On a hot day the Terrain’s driver can lower all the windows from a distance using the keyless remote. The driver of the Forester can only operate the windows from inside the vehicle, with the ignition on.
The Terrain’s standard outside mirrors include heating elements to clear off the mirrors for better visibility. Heated mirrors cost extra on the Forester and aren’t offered on the Forester Base.
Optional air-conditioned seats in the Terrain Denali keep the driver and front passenger comfortable and take the sting out of hot seats in summer. The Forester doesn’t offer air-conditioned seats.
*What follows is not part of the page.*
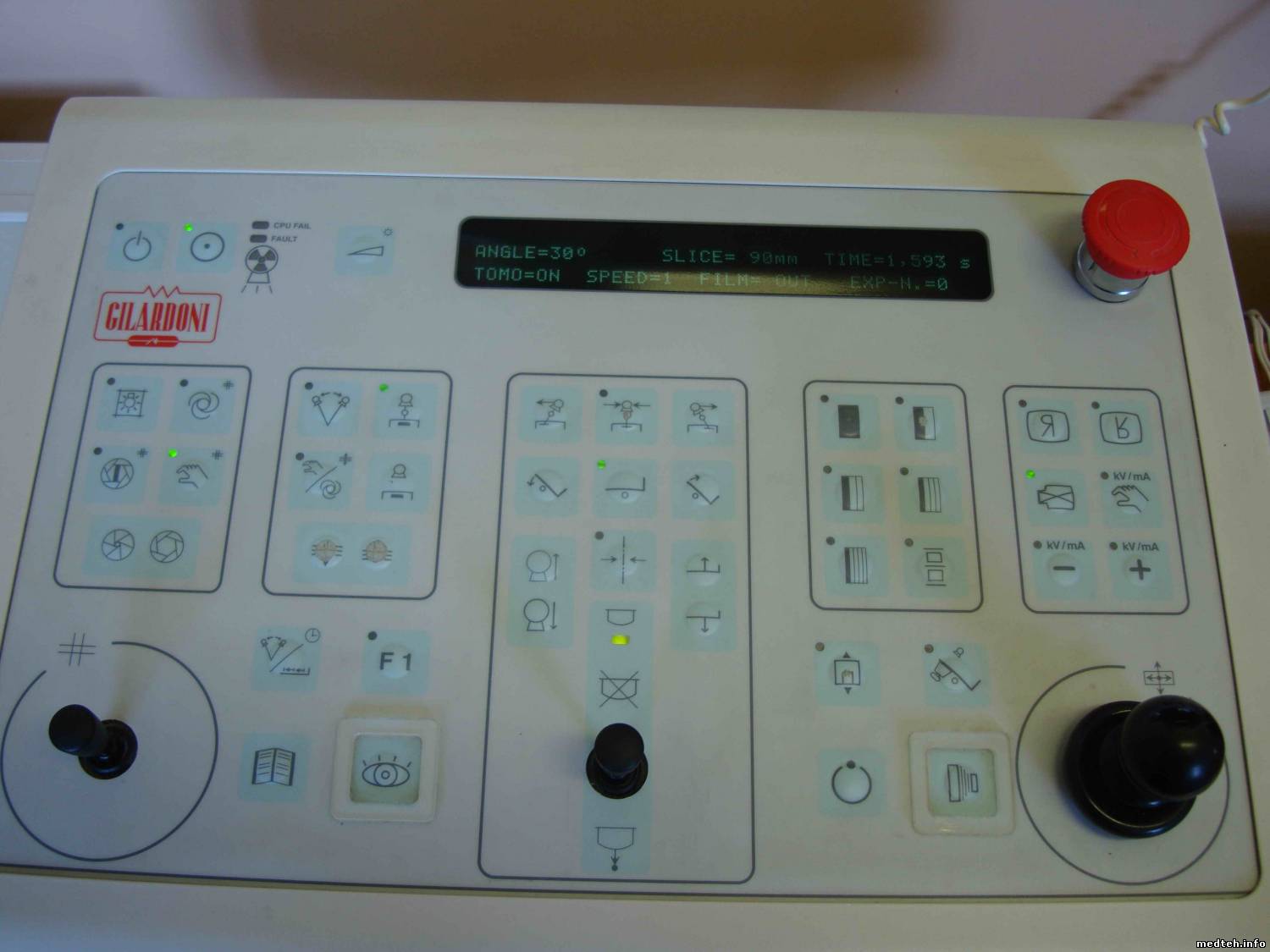 Уважаемые коллеги, пришлось столкнуться в ремонте с рентгеновским телеуправляемым комплексом GILARDONI с питающим DILOGIX HF 165. Единственном, кстати, в своем роде. Больше таких у нас в области нет... Ремонтной документации, кстати, тоже практически никакой нет. Только manual для персонала. Пару лет ТО и ремонтом занимался дяденька, который приезжал аж из Сибири. (совсем географически рядом, пару суток на паровозе... ) Понятно, что и "влетали" такие визиты мед. учреждению "в копеечку", ну и отказались от такой практики в конце концов... За год бывали поломки, но как то удавалось интуитивно сделать. Сейчас проблема несколько серьезнее. Симптомы такие- комплекс не хочет работать в режиме скопии, снимки и томо проходят с любыми кассетами и на любых уставках. Сообщений об ошибках при попытке вкл. скопию нет, этот режим просто тупо не включается ни как, ни с пульта, ни педалью. Если установить кассету, то она при нажатии педали входит в бункерное положение и на этом все, аппарат стоит. Если упорно стоять и давить педаль, то "вылетает" сообщение GENERATOR READY TIME OUT. Возникает ощущение, что генератор не получает какого то отклика от штативного устройства. Какого? Тайна покрытая мраком... Если судить по аналогии с подобными комплексами, то как будто, все должно включаться без проблем... Однако не включается, есть какая то "кривизна". Излишне говорить, что "перетрясли" все предохранители и по возможности проверили питающие напряжения. По возможности- потому, что схем то нет... Лаборант тоже "допрошен" неоднократно и с пристрастием- результат практически нулевой. Буду очень благодарен всем, кто сможет чем либо помочь и удастся определить если не неисправность, то хотя бы направление поиска. Ведь порой достаточно пары слов. (а может есть какие то доки? ) С Уважением.

The Terrain (except SL) offers an optional 115-volt a/c outlet on the center console, allowing you to recharge a laptop or run small household appliances without special adapters that can break or get misplaced. The Forester doesn’t offer a house-current electrical outlet.
The Terrain Denali’s optional Automatic Parking Assist can parallel park or back into a parking spot by itself, with the driver only controlling speed with the brake pedal. The Forester doesn’t offer an automated parking system.
The Terrain is available in both front-wheel drive and four-wheel drive configurations. The Forester doesn’t offer a two-wheel drive configuration.